1 Prevalence of COVID-19 in children in Baden-Württemberg Preliminary study report Klaus-Michael Debatin, University Children’s Hospital Ulm Philipp Henneke, University Children’s Hospital Freiburg Georg Friedrich Hoffmann, University Children’s Hospital Heidelberg Hans-Georg Kräusslich, Department of Infectious Diseases, Heidelberg University Hospital Hanna Renk, University Children’s Hospital Tübingen on behalf of all members of the study group This study was supported by a grant from the State of Baden-Württemberg

2 Summary 1. Study Population: This is an interim analysis not included in the initial study protocol performed on 4,932 subjects (2,466 children and 2,466 corresponding parents) with some minor data cleaning and validation still ongoing. 2. Detection of acute SARS-CoV-2 infection by RT-PCR: During the sampling nd th period between April 22 and May 15 , 2020, among the 4,932 individuals who were tested by RT-PCR, only 2 subjects (0.04%), one child and the corresponding parent, were positive for SARS-CoV-2. Both subjects reported only mild symptoms. 3. SARS-CoV-2 Seroprevalence: Of 4,932 individuals tested for SARS-CoV-2 IgG antibodies, 64 subjects were categorized as seropositive, corresponding to a seroprevalence of 1.3% (95% confidence interval, 1.0 – 1.7%).
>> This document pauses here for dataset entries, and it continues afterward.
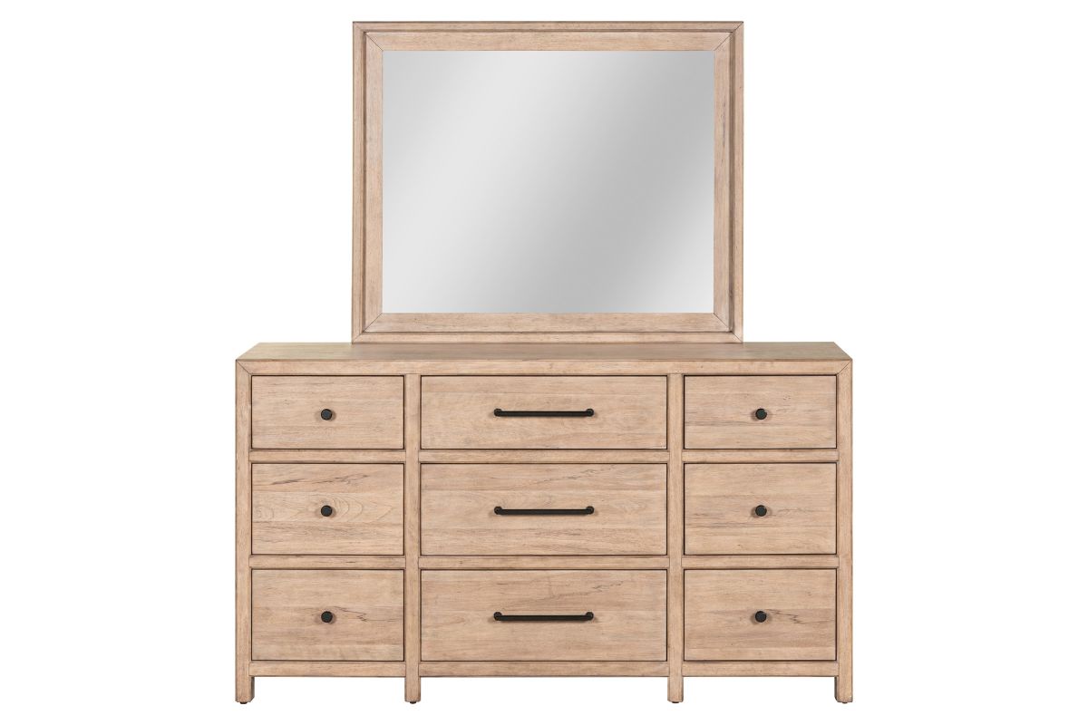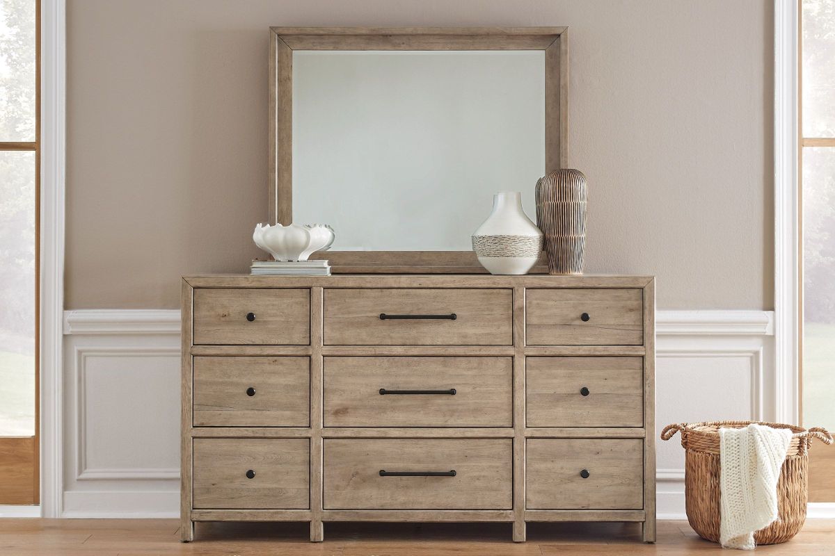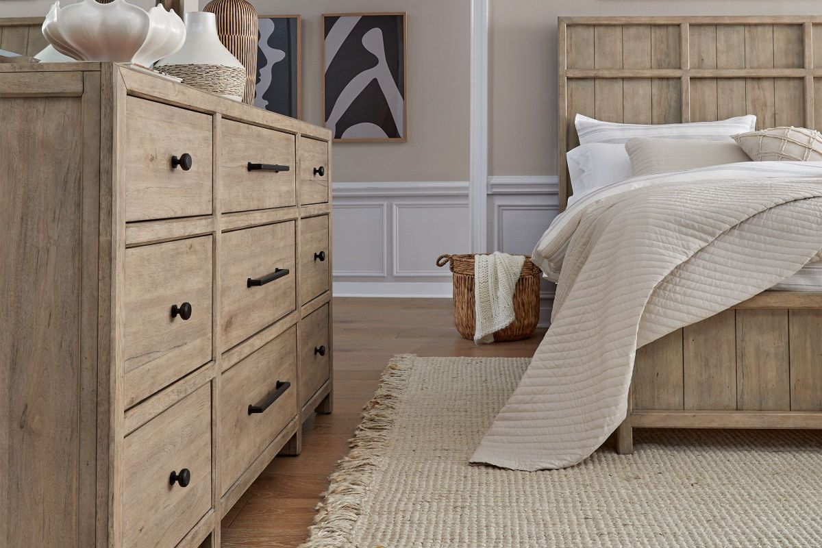 The Monre Bedroom Collection by Liberty is perfect for those who appreciate a mix of rustic charm and Traditional aestetics. Built with picture frame moldings on the headboard and drawers offering a refined architectural look.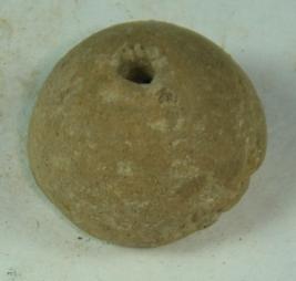 | Description / विवरण | Perforated terracotta bead, betel nut in shape. The bottom of the base has five grooves forming a flower. |
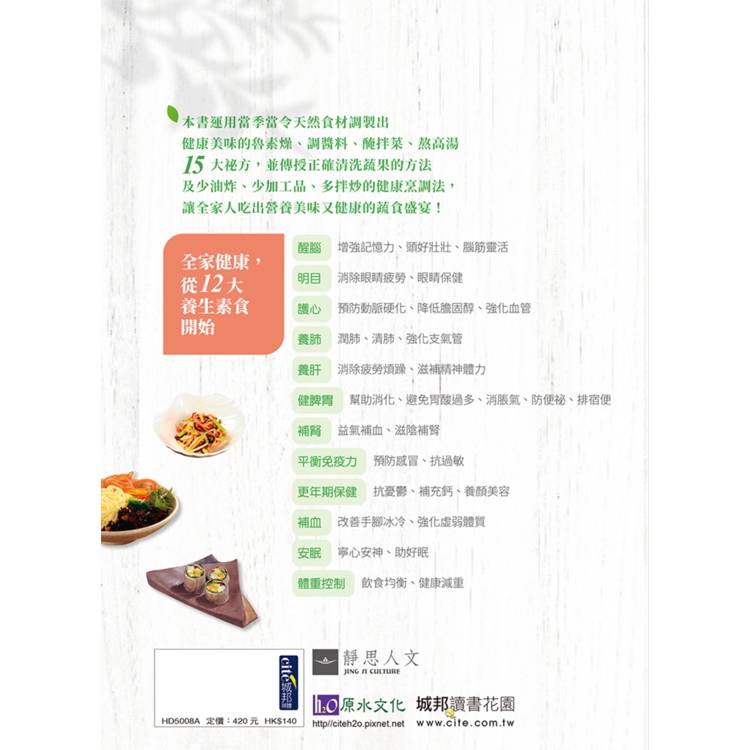 依據12大健康主題(如醒腦、護心、補腎、安眠、體重控制等),量身設計70道素食料理,每一道都對應具體身體狀況,吃得有感、吃得有效。
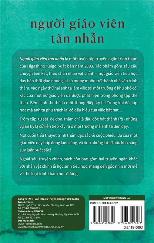 Nội dung chính:Người giáo viên tàn nhẫn là một tuyển tập truyện ngắn trinh thám của Higashino Keigo, xuất bản năm 2003. Tác phẩm gồm sáu câu chuyện liên kết, theo chân nhân vật chính - một giáo viên tiểu học dạy bán thời gian nhưng lại có mong muốn trở thành nhà văn trinh thám. Vào ngày thứ hai anh ta làm việc tại một trường ở khu phố cổ, xác của một nữ giáo viên đã được phát hiện trong phòng tập thể thao. Bên cạnh thi thể là một thông điệp kỳ bí! Trong khi đó, lớp học mà anh ta phụ trách lại có dấu hiệu của việc bắt nạt...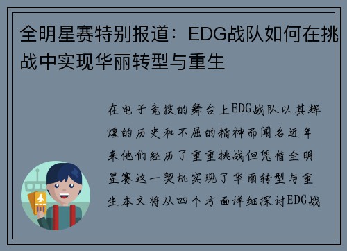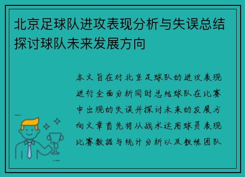 本文将对北京乒乓球队在欧锦赛中的比赛经验与表现进行全面分析。从比赛前的准备、技战术的运用、心理素质的培养以及团队合作等四个方面详细阐述。首先,文章将探讨球队在备赛过程中如何调整训练以适应国际赛事的要求;其次,分析球队在比赛中所采取的技战术策略,以及这些策略对赛事结果的影响;随后,将讨论心理素质对运动...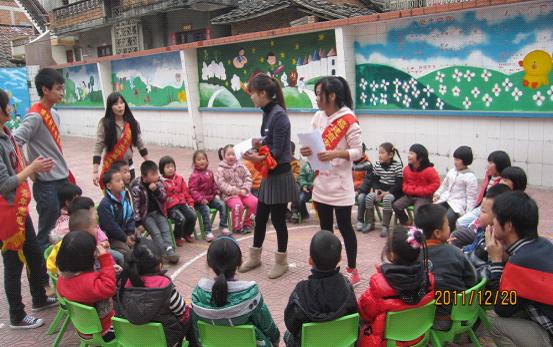 我系志愿者们在潘渡幼儿园的园长、老师的支持帮助下,热心服务,微笑服务,快乐服务,为孩子们唱歌、讲故事,还走进小朋友们的心灵世界,与他们进行心与心的交流,了解他们的心声。青年志愿者表示,通过牵手、助教与引导,以帮助孩子们树立正确的世界观、人生观、价值观。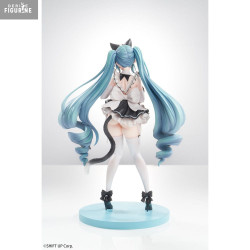 Details include a cat-ear headband, black and white maid dress with apron, long gloves, garters, cat tail, and heels with ribbon accents. From the fabric folds to the miniature bows and accessory textures, the figure showcases strong craftsmanship and a confidently executed “maid catgirl” aesthetic.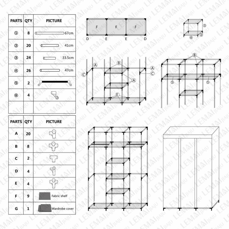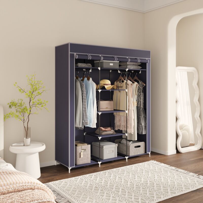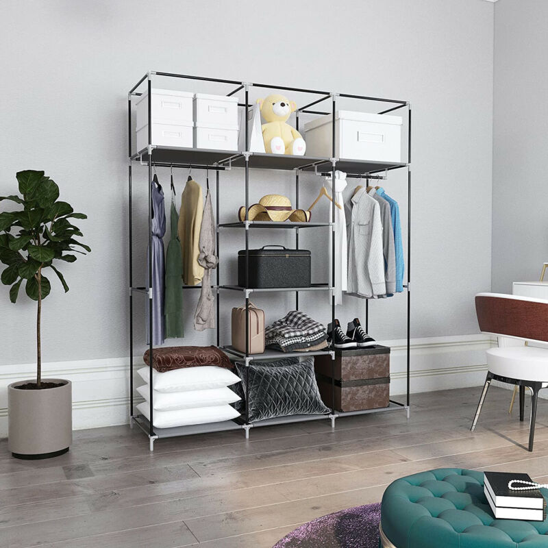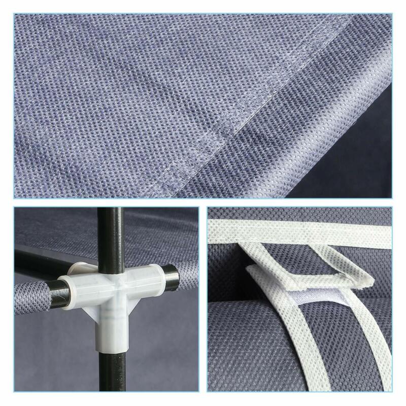 Mondeer Grey Fabric Canvas Wardrobe With Clothes Hanging Rail Shelves Storage

Altogether, 19 children (0.8%; 95% confidence interval, 0.5 – 1.2%) and 45 parents (1.8%; 95% confidence interval, 1.3 – 2.4%) were seropositive. Seropositivity was found in 7/1,122 in the age group of 1 – 5 years (0.6%; 95% confidence interval, 0.3 – 1.3%), 12/1,358 in the age group of 6 – 10 years (0.9%, 95% confidence interval, 0.5 – 1.6%) and 45/2,468 in the parent group (1.8%; 95% confidence interval, 1.3 – 2.4%).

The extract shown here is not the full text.